Appian logoAs we noted yesterday, Appian’s financial results were expected to shine a light on demand for low code development and with 19% revenue growth to $81.6m in Q4 (to 31 December 2020) and 17% growth over the full year to $304.6m, that’s exactly what they did. The low code sector is still at a relatively early stage of maturity but demand is ramping up (as are competitors) and both COVID-19 fallout and organisations’ need for agility have provided further boosts. 

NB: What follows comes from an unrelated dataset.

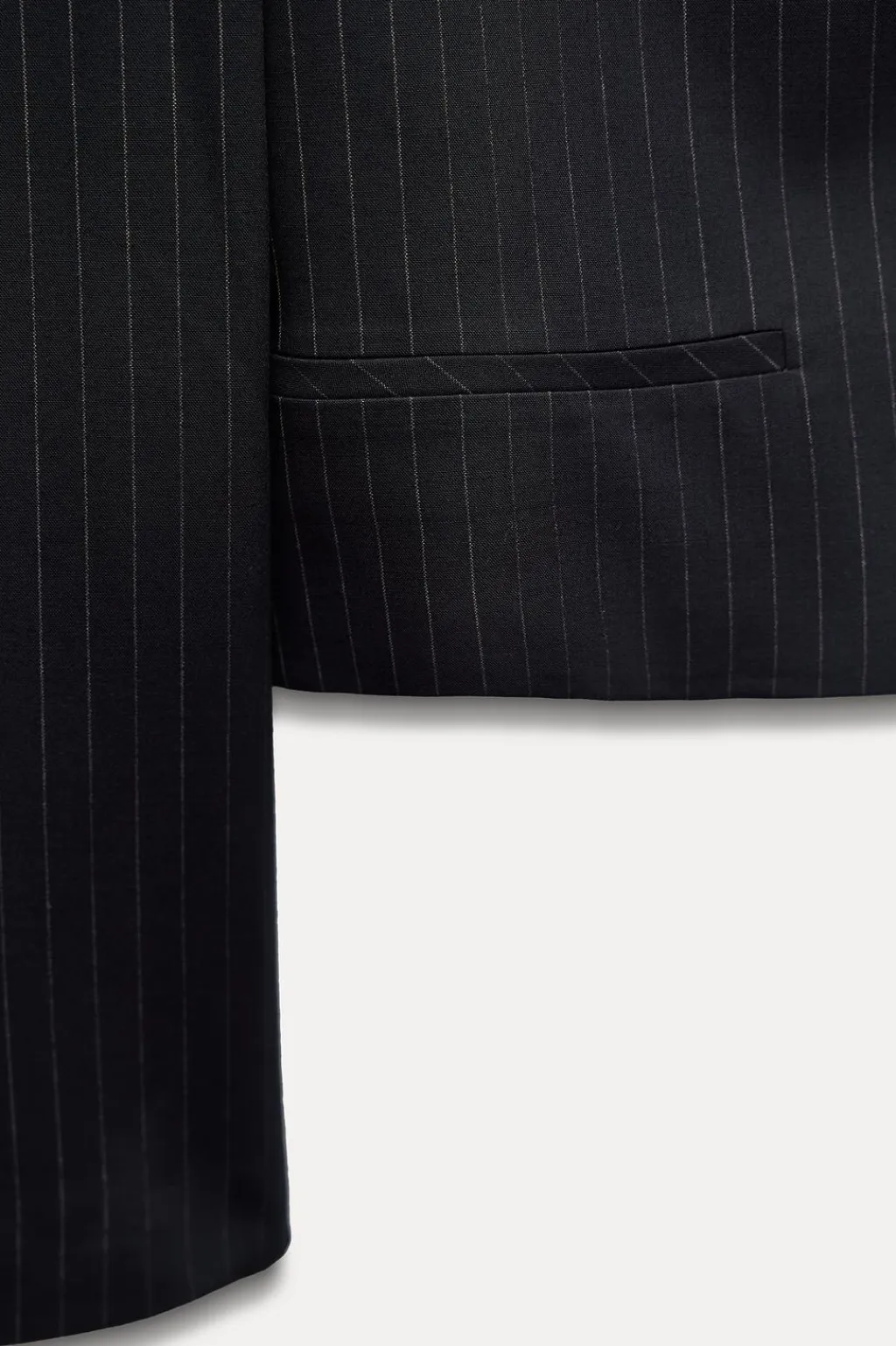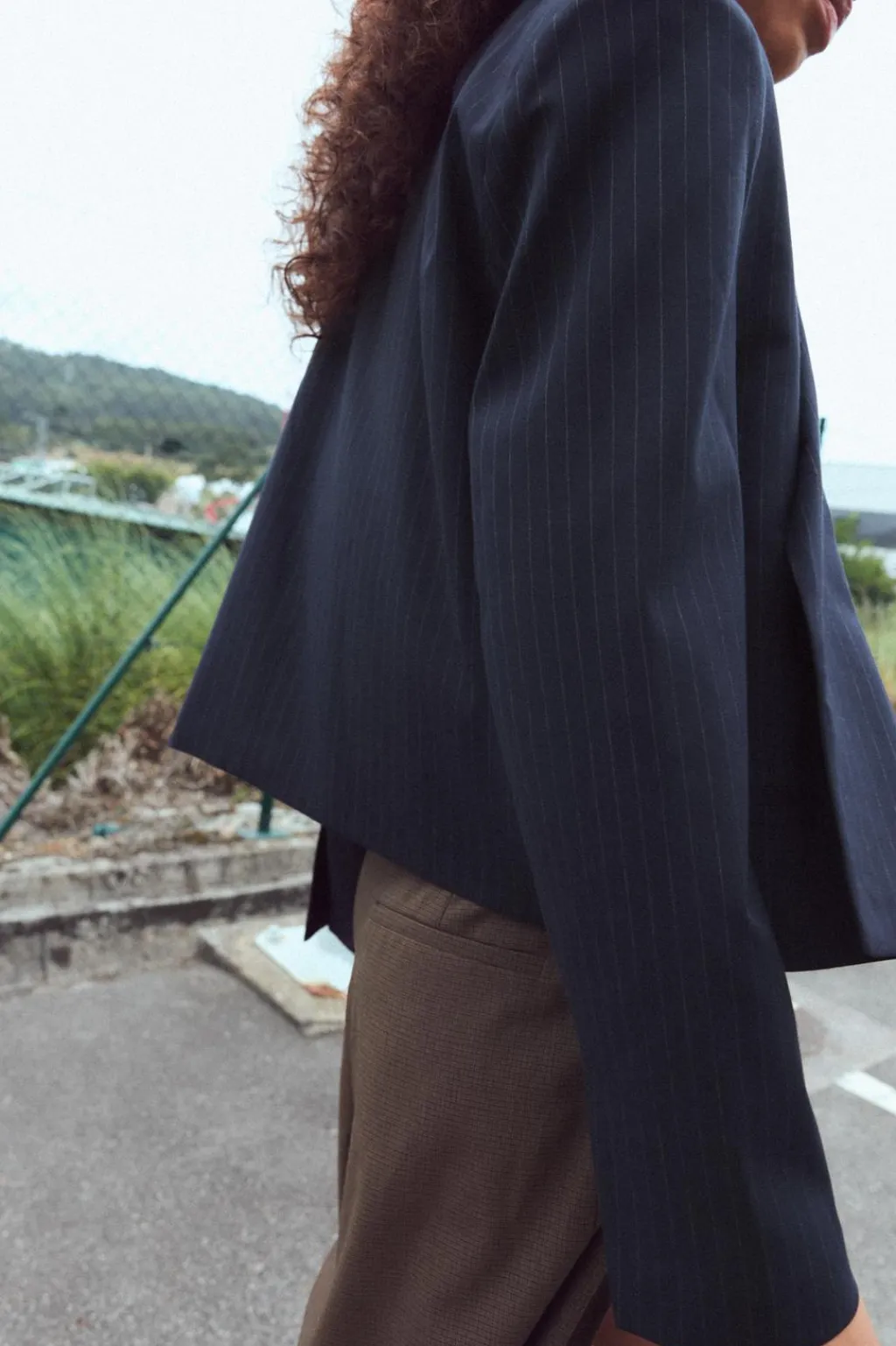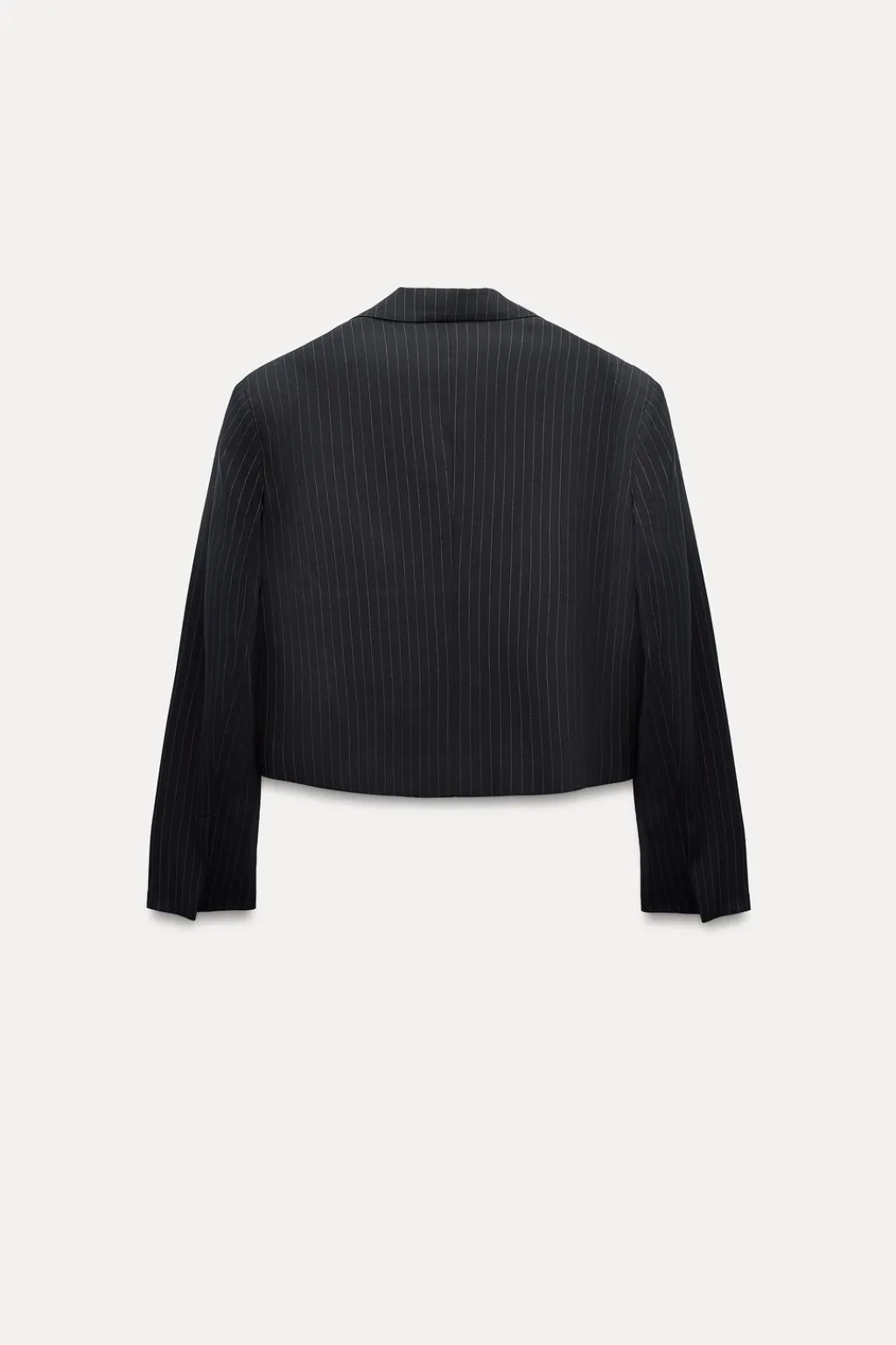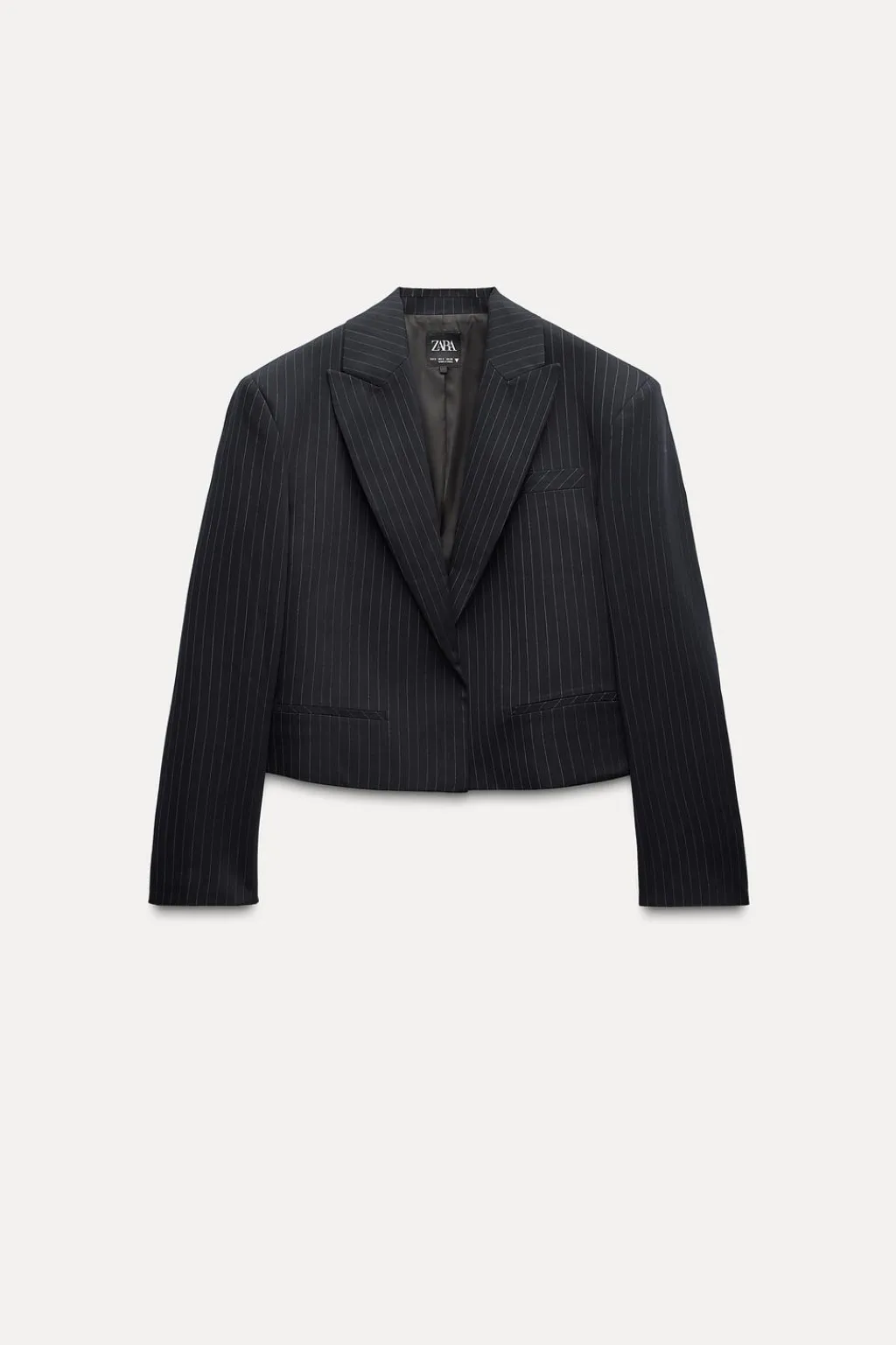 Blazer corta oversize de cuello solapa. Manga larga con hombreras. Falsos bolsillos de vivo en delantero. Forro interior.

As one of the low code platform leaders, Appian is well placed with a focus on enterprise customers, tackling complex use cases and seeking large contracts. Overall performance was strong but EMEA was pulled out as performing particularly well, having doubled the number of new logos in Q4 (including a top 5 UK bank who took 1m licences), and securing twice as many seven digit deals in FY20 compared to the prior year. Much of the success in EMEA was attributed to the partner network which delivered 70% of the new logos. Evidently, many were won because of pre-built partner-developed solutions created on the Appian platform. What is also reassuring from a partner perspective, is that Appian is managing down its Professional Services business (down 3% yoy to $105.9m during FY20) as it focusses on the partner network. This is a sign of increased maturity and market awareness. 

During Q4 total subscriptions increased 33% to $56.1, of which cloud subscriptions were up 40% to $36.9m. For the full year, total subscriptions rose 31% to $198.7m with cloud subscriptions of $129.2m, a 36% increase. Appian is still generating net losses but they are moving in the right direction, with the Q4 net loss reduced from $10.8m to $6.4m. The same pattern was evident across the year with the loss reducing from $50.7m to $33.5m.